COVID-19 will not be the end of humanity; it has shown us the best of it. Our humanity is shown not only in those who have volunteered to support their communities – even old rivalries in the NHS have melted away and been replaced by a spirit of camaraderie I previously had never thought possible. To prevent services being overwhelmed, hospitals up and down the UK halted their elective work, freeing beds, ventilators and staff, resulting in surgical teams having a dramatically lower workload, whilst the intensive care units have been expanded rapidly. Sadly, a surgical consultant’s skilled hands do not possess in them the in-depth knowledge of the management of multi-organ failure, but their help is invaluable when combined with an intensivist’s guidance. Consultant surgeons now provide both medical care and assistance in caring for patients, including moving patients in bed, washing them and changing their clothes. A consultant in urology catheterised all the patients in ITU, when normally this would be done by a nurse. All staff, including nurses, porters, and healthcare assistants are all moving across the hospital to areas they have never worked in before, guided by a clinician-led management team, so that our inpatients will not experience a drop in the quality of their care.
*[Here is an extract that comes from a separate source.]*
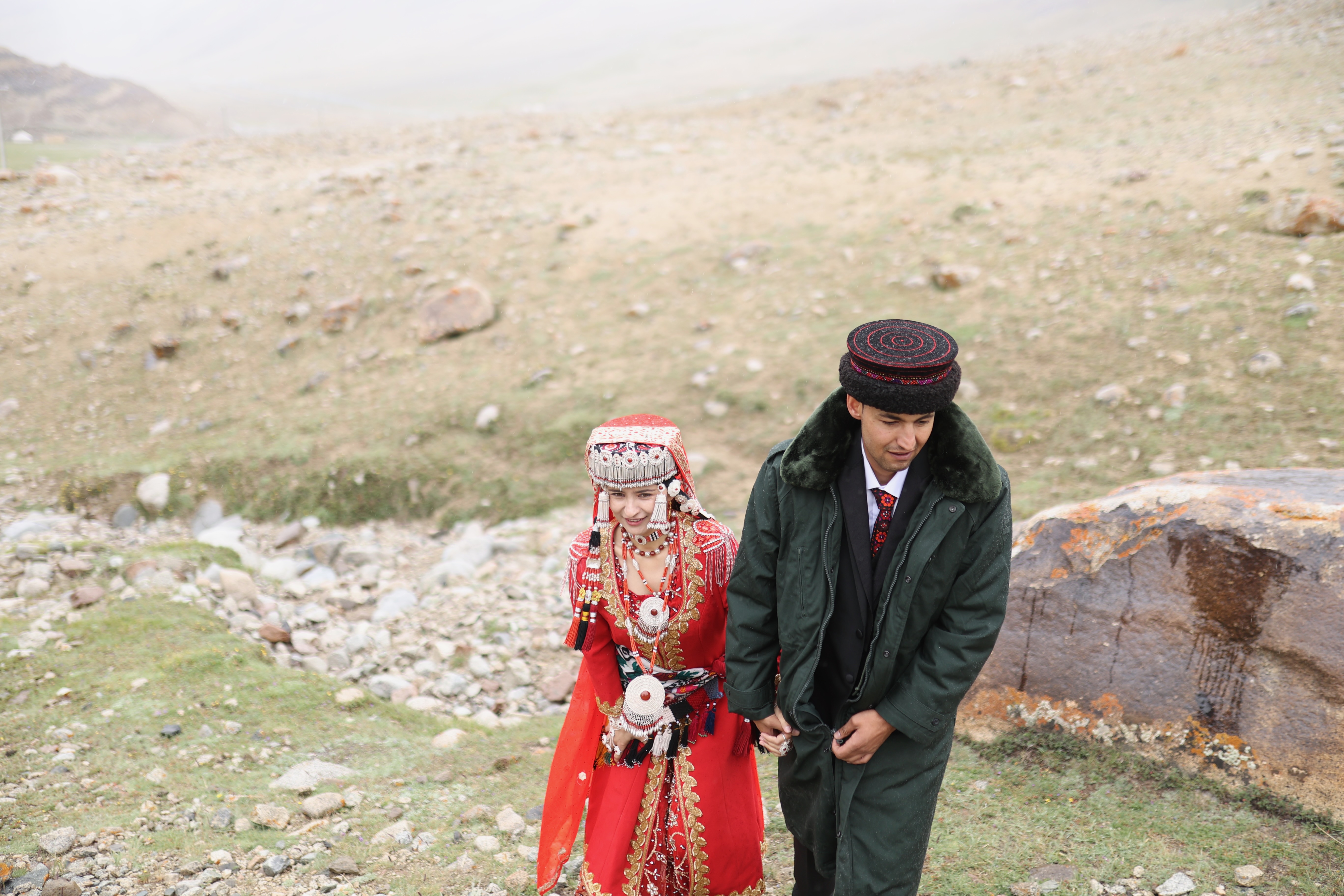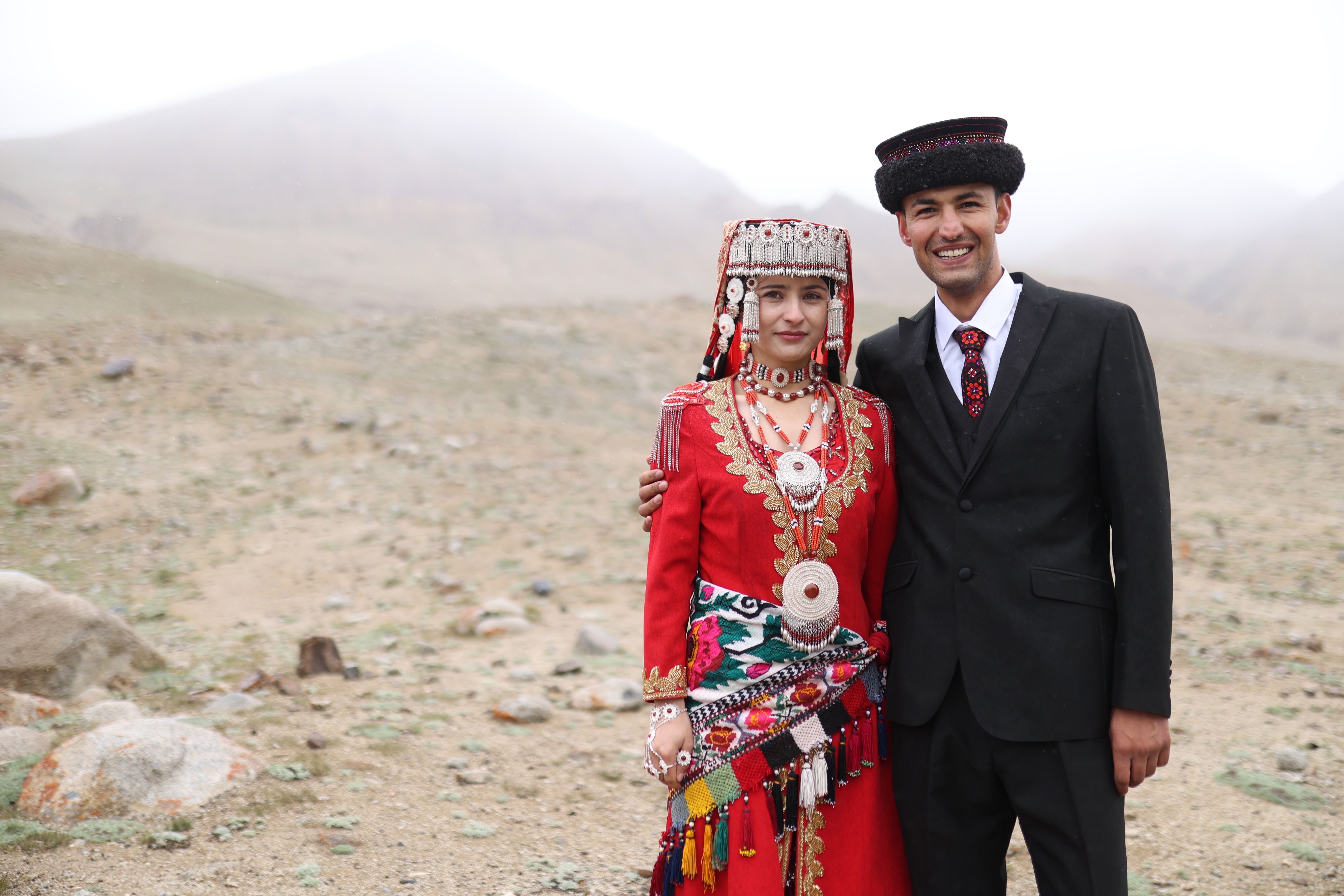 一对塔吉克族新人在“家训石”前完成特殊仪式
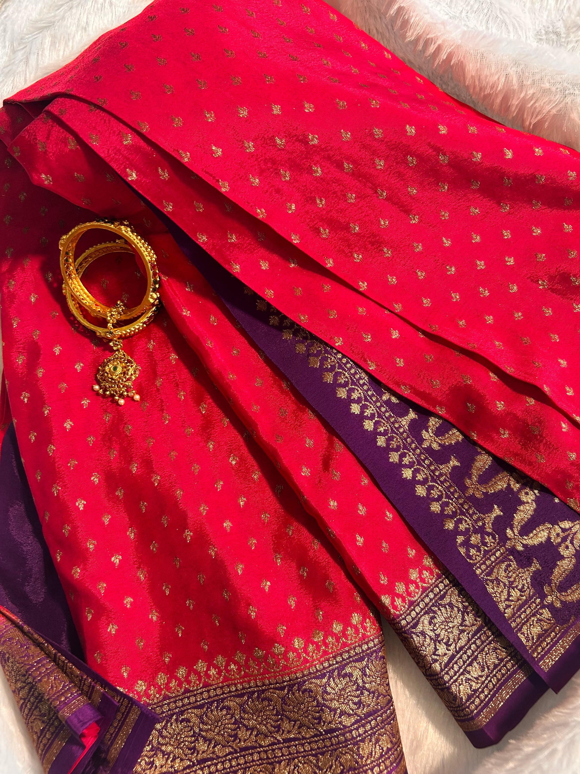Introducing our Banarasi Crepe Saree, made from Banarasi Khadi crepe, renowned for its luxurious drape and elegant designs. Ideal for special occasions and gatherings, this saree combines traditional craftsmanship with modern sophistication. Experience the beauty and comfort of Banarasi crepe - a must-have addition to any wardrobe.

The hospital I work in, although one of the most supportive and well-managed in the country, is a different place to the one I began work in a year and a half ago. Similar changes have happened to hospitals across the country. For the first time in a long time, maybe ever, hospitals no longer feel like a group of services desperately trying to reduce their workload. We have become one team, brought to this level of humility by something a thousand times smaller than the width of a human hair, and which cannot even be described as alive. Now, we can sit down and talk to each other. We can vent our frustrations, share our sadness and spread the laughter we have always held. One of our two registrars may have been able to rest for a long period of time, but when it is 2am and they need to make a decision that could mean life or death, it is important that they get both medical and emotional support. So it is heartening that we are now in the workplace we have long wanted, where care comes first, and such emotional burden is shared between us all.

I hand over my bleep to the day-team as my shift ends; I am not sure the patient I just have seen will still be here this evening when I return. I walk into the Easter Saturday sunshine and sit down to read my book in our hospital garden. Our medical examiner spots me and asks how I am; I smile and tell her that I am fine, and she does the same. Others might think I am putting on a brave face, but the opposite is true. I first started talking to her a week ago when filling out COVID-19 related death certificates. Today, she knew I was on call and went out of her way to make sure that I was coping well. I am, because of people like her, and all the staff in this hospital. We are one NHS – and I hope that this spirit of caring and sharing remains after all of this.